Question

two events, a and b, are independent of each other. $p(a)=\frac{1}{6}$ and $p(a \text{ and } b)=\frac{1}{8}$. what is $p(b)$ written as a decimal? round to the nearest hundredth, if necessary.
\bigcirc 0.02
\bigcirc 0.04
\bigcirc 0.29
\bigcirc 0.75

Explanation:

Step1: Recall the formula for independent events

For independent events \( A \) and \( B \), the probability of both \( A \) and \( B \) occurring is given by \( P(A \text{ and } B) = P(A) \times P(B) \).

Step2: Solve for \( P(B) \)

We know \( P(A) = \frac{1}{6} \) and \( P(A \text{ and } B) = \frac{1}{8} \).

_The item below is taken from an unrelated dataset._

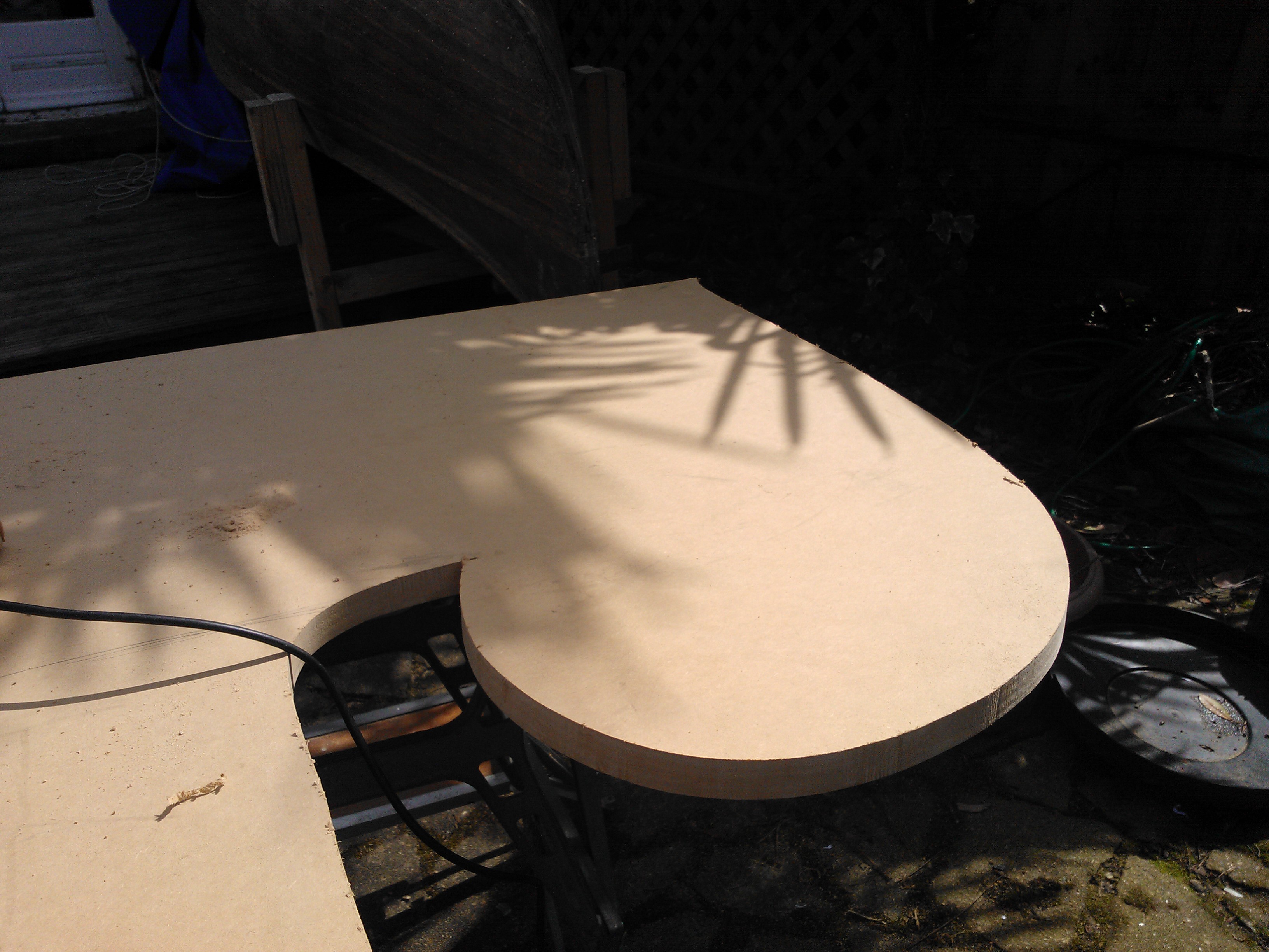 The sun was out…time to work on the canoe. First task was to remove the rotten part of the keel, then sand down the edging. Measure up a template for the replacement keel to be shaped on. Cut template on 1”thick MDF board.

Rearranging the formula to solve for \( P(B) \), we get \( P(B) = \frac{P(A \text{ and } B)}{P(A)} \).

Substitute the given values: \( P(B) = \frac{\frac{1}{8}}{\frac{1}{6}} \).

Dividing by a fraction is the same as multiplying by its reciprocal, so \( P(B) = \frac{1}{8} \times \frac{6}{1} = \frac{6}{8} = \frac{3}{4} \).

Convert \( \frac{3}{4} \) to a decimal: \( \frac{3}{4} = 0.75 \).

Answer:

0.75